HOW TO COMPLETE THIS TASK: Using the listing below, copy exactly the lines from the one containing "- Els acabats" to the one containing "-Video Saver &", both lines included, and no others.

ENTRIES SUPPLIED:
◆ ◆ ◆ ◆
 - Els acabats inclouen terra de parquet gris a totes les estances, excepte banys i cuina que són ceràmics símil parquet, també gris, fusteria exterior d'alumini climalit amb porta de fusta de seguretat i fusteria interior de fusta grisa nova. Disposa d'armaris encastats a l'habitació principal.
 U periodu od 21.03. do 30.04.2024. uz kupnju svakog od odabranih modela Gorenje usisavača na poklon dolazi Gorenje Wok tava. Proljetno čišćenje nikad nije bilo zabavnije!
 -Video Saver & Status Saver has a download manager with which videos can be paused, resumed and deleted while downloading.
◆ ◆ ◆ ◆
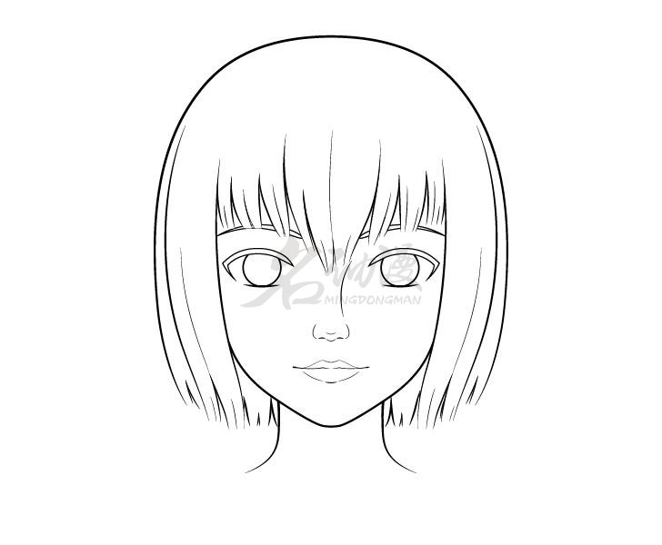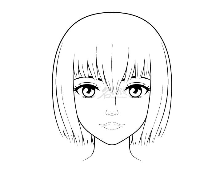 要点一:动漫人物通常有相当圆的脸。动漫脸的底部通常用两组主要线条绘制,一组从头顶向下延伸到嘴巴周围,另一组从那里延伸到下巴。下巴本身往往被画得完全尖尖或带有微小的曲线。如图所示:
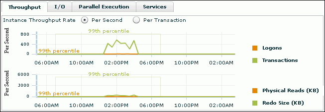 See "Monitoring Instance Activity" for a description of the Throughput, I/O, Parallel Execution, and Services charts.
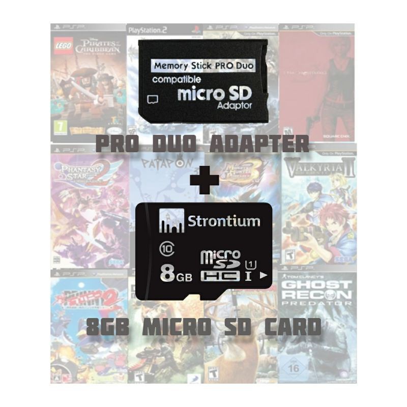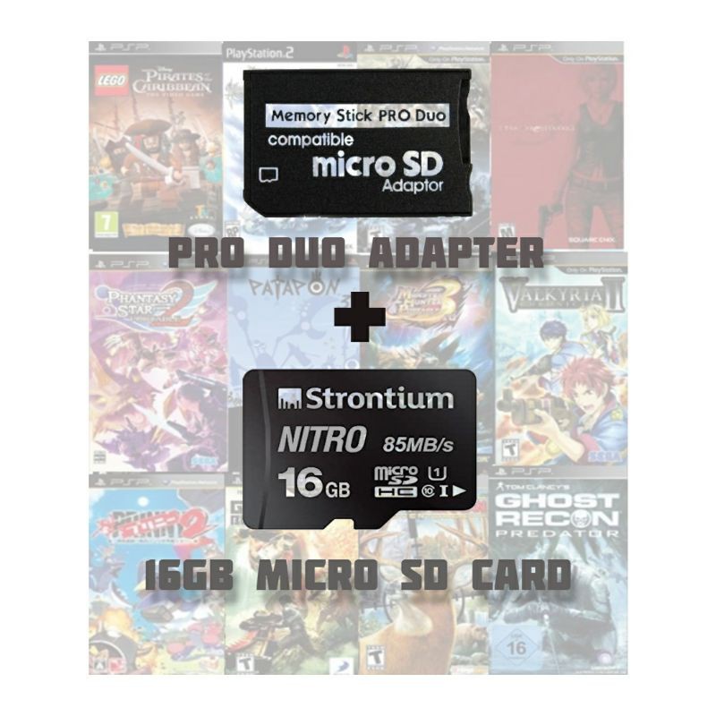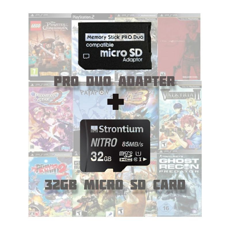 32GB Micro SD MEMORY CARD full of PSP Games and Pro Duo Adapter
◆ ◆ ◆ ◆
RESPONSE TO THIS TASK:
 - Els acabats inclouen terra de parquet gris a totes les estances, excepte banys i cuina que són ceràmics símil parquet, també gris, fusteria exterior d'alumini climalit amb porta de fusta de seguretat i fusteria interior de fusta grisa nova. Disposa d'armaris encastats a l'habitació principal.
 U periodu od 21.03. do 30.04.2024. uz kupnju svakog od odabranih modela Gorenje usisavača na poklon dolazi Gorenje Wok tava. Proljetno čišćenje nikad nije bilo zabavnije!
 -Video Saver & Status Saver has a download manager with which videos can be paused, resumed and deleted while downloading.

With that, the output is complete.